It might get boring if I walk you through all the steps, but you get the general idea. What makes MindNode Touch so intuitive is that you’re touching all over the screen and interacting directly with the elements. When you use MindNode on the Mac, which I love too, it feels more disjointed. Reach for the mouse, tap on a node’s plus sign. Let go of the mouse, move hands over to keyboard, type in the node, hit enter, move hands off the keyboard, grab the mouse and on and on. With the iPad you never leave the same interface because the keyboard is part of the screen, you interact with it with your fingers, and you create and drag nodes around with those very same fingers.

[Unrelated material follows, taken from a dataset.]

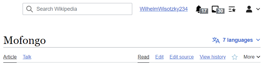 Vector 2022 represents a significant amount of research and development into making the Vector interface easier to understand more modern-looking. Figure 13 shows the top of a page from the English-language Wikipedia, using the Vector 2022 skin. (Vector 2022 is already the default skin on some languages of Wikipedia, though not yet the English one.) The top of the page is where you can see most of the differences from the Vector skin: the search input has been moved to the very top instead of being among the tabs; the user action links have been replaced with icons; the set of interwiki links to other languages has been moved to a dropdown at the top instead of being within the sidebar; and the tabs have a more modern look, being represented by just a line at the bottom instead of a tab outline.

I found MindNode Touch liberating – you can just keep growing your mind maps indefinitely. They grow and morph and you can drag the nodes around to group things near each other, you can even make a new master node so let’s say I have packing for me and packing for Steve, they can be on the same screen, growing these amorphous giant spider diagrams. Freemind lets you collapse nodes which is a nice way of simplifying your diagram when you’re working, but MindNode in all it’s forms doesn’t seem to have a collapse function. MindNode Touch does have a feature that lets you view your diagram as an indented list view. This is cool because you can scroll through your nodes in a list, tap on the one you want to deal with, and BOOM, you’re at that node in the diagram. If you tap on the arrow next to the node name, you can rename the node from the list, change the color of the node line for that node, or even detach it from the SuperNode. Now that’s exciting stuff, I haven’t seen a way to do that in the other mind mapping apps. You can also search from that list index view which is great when you’ve got a huge document
When it comes to export options, MindNode Touch is pretty well equipped with options. You can mail it as a MindNode document to yourself, convert it to a FreeMind document and mail it, export it as a Text Outline or an OPML outline. I’ve not figured out what use an OPML outline is – seems to me Omni Outliner or one of those apps can open those? The last option is to convert it to a PNG Image (which is pretty entertaining since it’s HUGE). Just for grins and giggles, I put my mind map for my mentoring project as a png in the shownotes, a small thumbnail in the notes, but if you click it you can see the whole big gangling thing! It won’t actually help you learn any of my great wisdom by reading this by the way – there are nodes like “laughter” and hanging off of it is a node called “Monty Python”. Without knowing the story behind that you’ll not be a better leader! I guarantee it’s a good one though.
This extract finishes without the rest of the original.